Seriously, Cathym112, picking fantasy strawman arguments just shows that you're in over your head. Just like if I were to say "Cathy, I strongly disagree with your suggestion that everybody drive without seatbelts."

I was very clear that, in every libertarian system I've ever seen, one of the roles of government is to prosecute fraud and enforce voluntary contracts. The goal of libertarianism is to allow people to exercise their free will. So, your argument that I'm an idiot for condoning fraud is absurd. So is your ludicrous statement: "Why don't we get rid of all the police on the streets while we are at it since people can be trusted to behave themselves?" I've never said that. I've always been very pro-government and pro-law enforcement. I just see the role of government and the police as to prevent violence, whereas you're arguing the role is to create it, since threatening to haul people away at gunpoint for not doing what you want them to IS unquestionably violence.
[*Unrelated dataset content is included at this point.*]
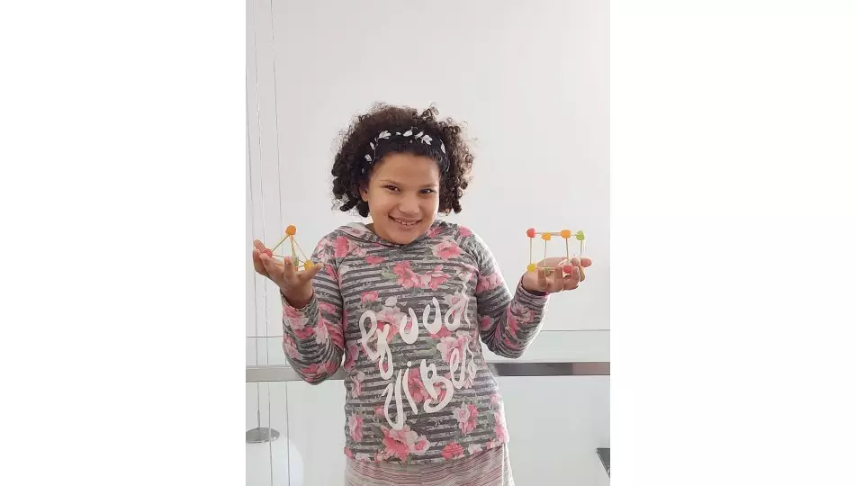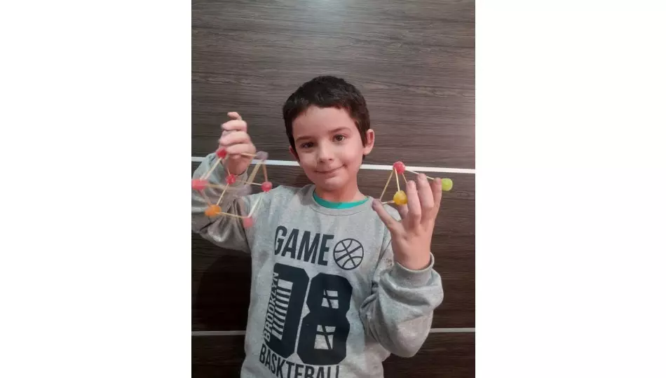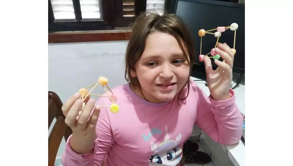 Os alunos confeccionaram uma pirâmide e cubo com palitos de dente e balas de goma, com a intenção de identificar as arestas e os vértices destes. Estabeleceram assim uma relação de semelhanças e diferenças.

So, if consumers were properly educated to NEVER buy medicine that didn't come with a guarantee from the manufacturer that it had been thoroughly tested and that they provided a comprehensive disclosure of side-effects, and then if a drug company defrauds consumers by making false claims about their testing, or what the tests uncovered, that's fraud. Whoever did that should go to jail. But, there's a HUGE difference between that vs. the current system which you seem to think is better where the drug companies hand-pick who heads the FDA so that the FDA approves their drugs and gives them immunity for failing to disclose known issues, while blocking their competitors' products from getting on the market. ie: what happened with aspartame and stevia, when Searle picked the FDA chief, who approved aspartame and gave them immunity from disclosing the findings of their studies, and then 1 year later the FDA chief leaves and goes back to work for a Searle-controlled company with a multi-million dollar signing bonus, while the FDA bans natural, healthy low calorie sweeteners). I firmly believe that educating consumers to make smart decisions and forcing everyone to play fair is a MUCH better solution than letting politicians picks winners and losers, since the winners will always be the politicians and their friends.
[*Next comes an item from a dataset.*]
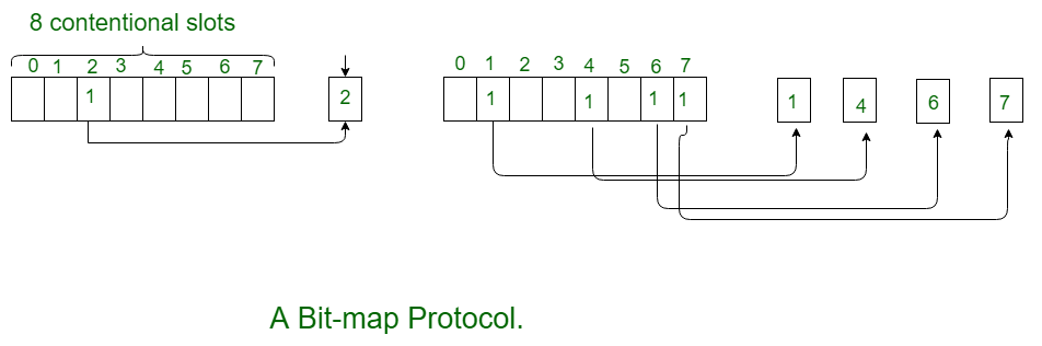位图协议是一种无冲突的通信协议。在位图协议中,每个争用周期恰好包含N个时隙。如果某个站点需要发送数据,那么它会在对应的时隙中发送一个1比特的信号。例如,如果站点2有数据要发送,那么它就会在第二个时隙中发送一个1比特的信号。

Quote:Perhaps you should remember the stock market crash and the depression?

That's hilarious. You do understand that even the chairman of the Federal Reserve admitted that the Fed caused the depression? And isn't an amazing coincidence that as soon as the Fed was created, following a secret meeting of the biggest names in banking operating under aliases, and the Fed started pumping in all this money, there was a huge bubble with the roaring 20's, followed by the biggest bust in the nation's history?

Quote:Now, as far as your solution to "healthcare"....

You have your health care system that you like. I have mine that I like. Naturally I think mine is superior just as you think yours is superior. The difference between us is that I present a detailed explanation WHY I think my system is superior, but I ultimately leave it it up to you decide if you want to follow it or not, humbly accepting that it may not work for everyone, so everyone should be allowed free choice. You, however, are so arrogant that you advocate passing laws that force people to do it your way at gunpoint, and never accept that maybe your solution doesn't work for everyone.

Get to the bottom line... You presented yourself as an expert in economics. So I asked you some VERY basic, rudimentary questions, like: "Why is it that the growth of the poor and middle class reversed course in 1971, precisely when Nixon switched to a fiat currency?" I asked you what effect the current QE has had. Really basic, obvious stuff. And you went on and on that you're too busy, too smart, too whatever to answer such basic questions, and that you won't waste your time on me. That's all shot down when you go on and type this long response, filled with inaccuracies and strawmen. If you really had the answers you could have put me in my place much better by typing a concise response. But when you run from my questions with your tail between your legs, insisting you know the answer but are too busy to share them, and then waste your time writing this nonsense, that speaks volumes to the quality of the education you received in economics.